Although companies actively engage in sales activities to generate new clients, maximizing the amount of revenue from every existing client is equally as important. Share of wallet focuses on a brand's own customers and seeks to maximize the dollars they spend regularly on that brand rather than on a competing one. Companies might identify their most loyal customers ranking them by the number of products they use or the amount of revenue they generate. Offering additional services to up-sell a client could prove fruitful since multi-product customers are likely to have a favorable view of the company. Also, new products could be offered to loyal customers before the public, which would add to revenue and enhance brand loyalty.

The benefits of increasing a customer's share of wallet go far beyond boosting revenue and include improving client retention, customer satisfaction, and creating a loyal, built-in market from which to offer new products in the future.

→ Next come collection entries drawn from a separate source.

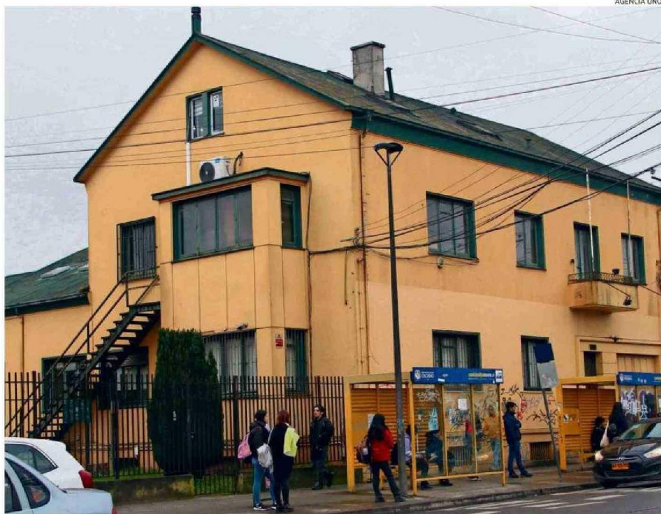
LA CASA CENTRAL DEL IP Y CFT LOS LAGOS SE ENCUENTRA EN LA CALLE LYNCH DE OSORNO. ACTUALMENTE LA INSTITUCIÓN ESTÁ INTERVENIDA.

Con esto se busca acreditar que la Universidad de Los Lagos, ubicada en avenida Fuchslocher, todavía es dueña para efectos laborales y previsionales del IP y CFT Los Lagos, aun cuando los establecimientos fueron
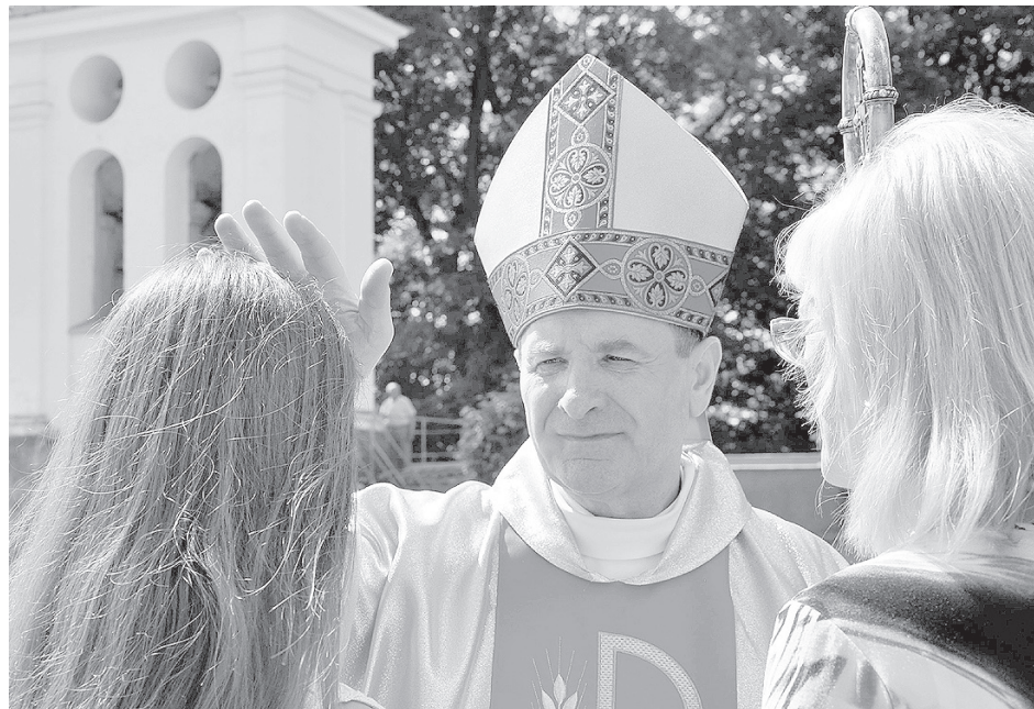
Статью читайте на 5-й стр.
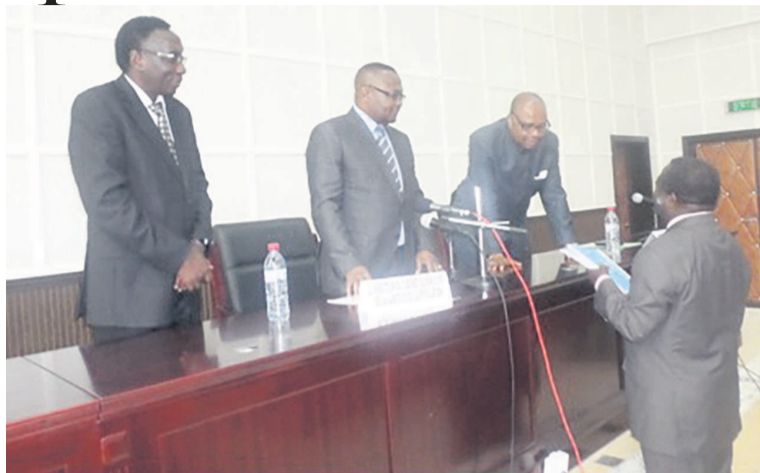
Remise des kits de prévention

Présidant la cérémonie d'ouverture, le directeur du cabinet du ministre de la Santé et de la population a rappelé que le pays ne devrait pas baisser la garde même si jusque-là il n'a été enregistré
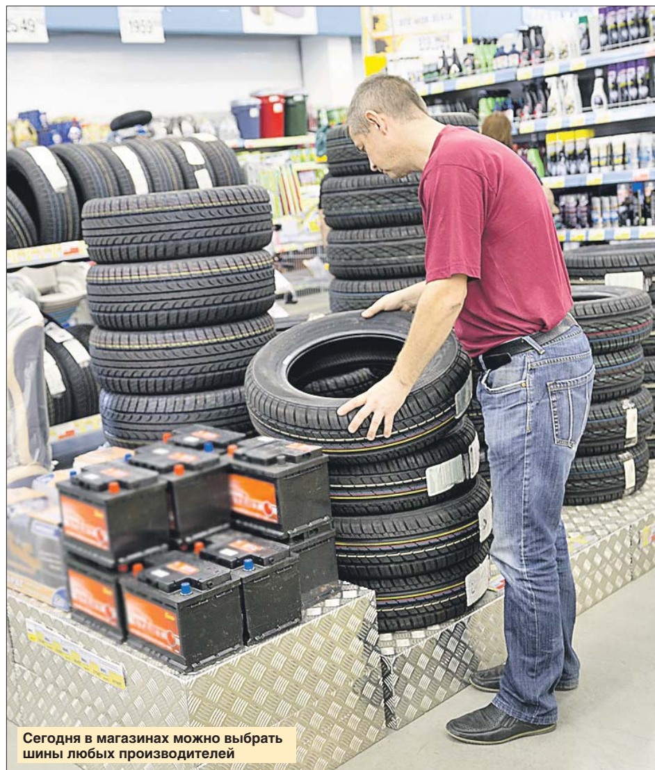
Сегодня в магазинах можно выбрать шины любых производителей
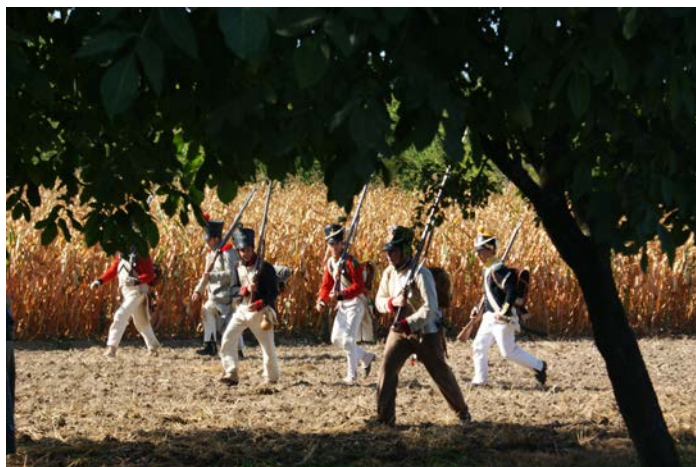
Voltigeurs, déployez-vous !

Share of Wallet vs. Market Share

Increasing wallet share can be a less expensive, more efficient, and therefore a more profitable strategy for boosting revenue than attempting to expand overall market share. It's important to note that wallet share and market share are two different concepts.

Market share refers to a company's percentage of total sales in its category or a specific geographic region. For example, if bank executives wanted to add new business clients, they would analyze the existing market to determine how many businesses were located in that region. From there, the management could determine what percentage of the total customers in the region bank with them. So, if the bank had 1,000 customers and there were 10,000 businesses in that region, the bank's market share would be 10% for that region. Calculating market share helps companies to determine the size of the opportunity in a region. The same analysis could be applied to a specific product or service.

Both market share and wallet share focus on growing revenue from customers. However, the growing market share focuses on attracting new clients from the competition. On the other hand, share of wallet focuses on growing revenue from existing clients by expanding the number of products being used–which might also be taken from the competition.

Target Marketing to Grow Share of Wallet

A campaign to increase a brand's share of wallet focuses on competing more effectively to take away some of a competitor's business. Such a campaign might begin with an attempt to identify exactly what a customer finds at a competitor. It may be a broad issue of quality, price, or convenience, but it may be very specific. A competing grocer might have more vegan selections or superior fresh produce. It may have faster checkout or free delivery.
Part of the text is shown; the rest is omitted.